Git mirrors

Git mirrors allow you to create local copies of Git repositories on Buildkite Agents. Git mirrors work by maintaining a single bare Git mirror for each repository on a host, shared among multiple agents and pipelines. Checkouts then reference this mirror using git clone --reference, as do submodules.

When to use Git mirrors

Git mirrors optimize performance and reduce network bandwidth, helping you minimize the time it takes to re-clone large repositories. They're particularly useful in self-hosted build infrastructure where multiple agents are running.

Key benefits of Git mirrors:

Speed up cloning by sharing objects across checkouts instead of fetching everything repeatedly.
Reduce disk usage by storing common objects once in the mirror.
Achieve faster builds with less time spent on Git operations.
Maintain a complete copy of the repository on your infrastructure as a local backup.
Handle large repositories more efficiently, especially those with many files and extensive history.

How Git mirrors work

Git mirrors leverage two core Git features:

git clone --mirror creates a complete copy of the remote repository, including all branches and references. This differs from git clone --bare by capturing everything from the remote. This is crucial when the agent doesn't "know" which branch it needs to build ahead of time.
git clone --reference creates checkouts that borrow objects from the mirror instead of fetching them from the remote. This saves both network bandwidth and disk space. One caveat is that checkouts depend on the mirror remaining healthy and available.

Setting up Git mirrors

Configure Git mirroring using the --git-mirrors-path flag on agents. This flag sets the central location (the Git mirror directory) where the agent stores mirrors.

Use these agent configuration options:

Git submodules

Git submodules allow one repository to reference another, enabling code in the first repository to use contents from the second. When you enable mirrors, the agent also mirrors submodules. You can create and update submodule mirrors the same way as regular mirrors.
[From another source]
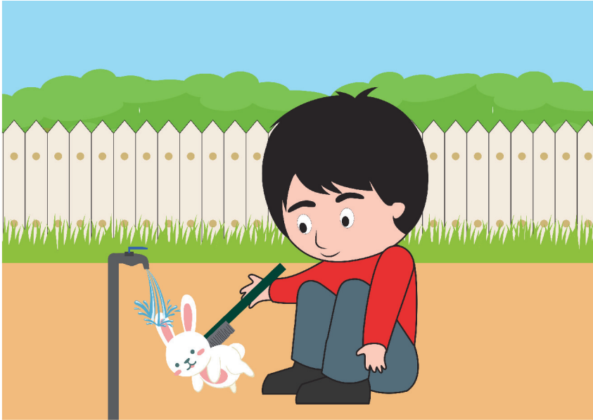
Gambar anak membersihkan binatang peliharaan

Submodule mirrors require special handling on the agent. The agent must update the submodule configuration in the main repository using git submodule update --reference <submodule_mirror>. This must be done for each submodule, which means parsing the submodule configuration and then iterating over the submodules to update them.
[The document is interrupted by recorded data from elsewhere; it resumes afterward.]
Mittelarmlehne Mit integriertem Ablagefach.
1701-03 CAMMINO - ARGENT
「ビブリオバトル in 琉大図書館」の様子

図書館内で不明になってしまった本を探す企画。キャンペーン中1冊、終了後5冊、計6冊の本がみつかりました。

Common issues with Git mirrors

This section covers common issues with Git mirrors and how to solve or prevent them.

Parallelism issues

When multiple agents fetch from the same mirror simultaneously, conflicts may occur. The Buildkite Agent implements a locking system that prevents multiple agents from updating the same mirror simultaneously. This file-based lock works across multiple machines, even when the mirror directory is a network file share.

Checkout corruption

A mirror repository and a reference clone (checkout) work together. The checkout borrows most of its objects from the mirror instead of storing them locally. When git fetch updates the mirror, it automatically triggers maintenance that cleans up objects Git considers unnecessary. By default, git fetch runs git maintenance run --auto. However, some of those objects may actually be needed by the checkout. If this happens, you'll see checkout errors and need to delete the checkout directory and re-clone (which is quick with mirrors enabled).

Updating mirrors

The command git remote update is commonly used to refresh mirrors because it updates all references. However, git fetch origin <branch> is the preferred approach for most CI/CD use cases because it fetches only the objects a particular job requires. The Buildkite Agent now uses git fetch origin <branch> instead of git remote update for this reason. Remember that git remote update also runs auto maintenance that may cause the checkout corruption mentioned above.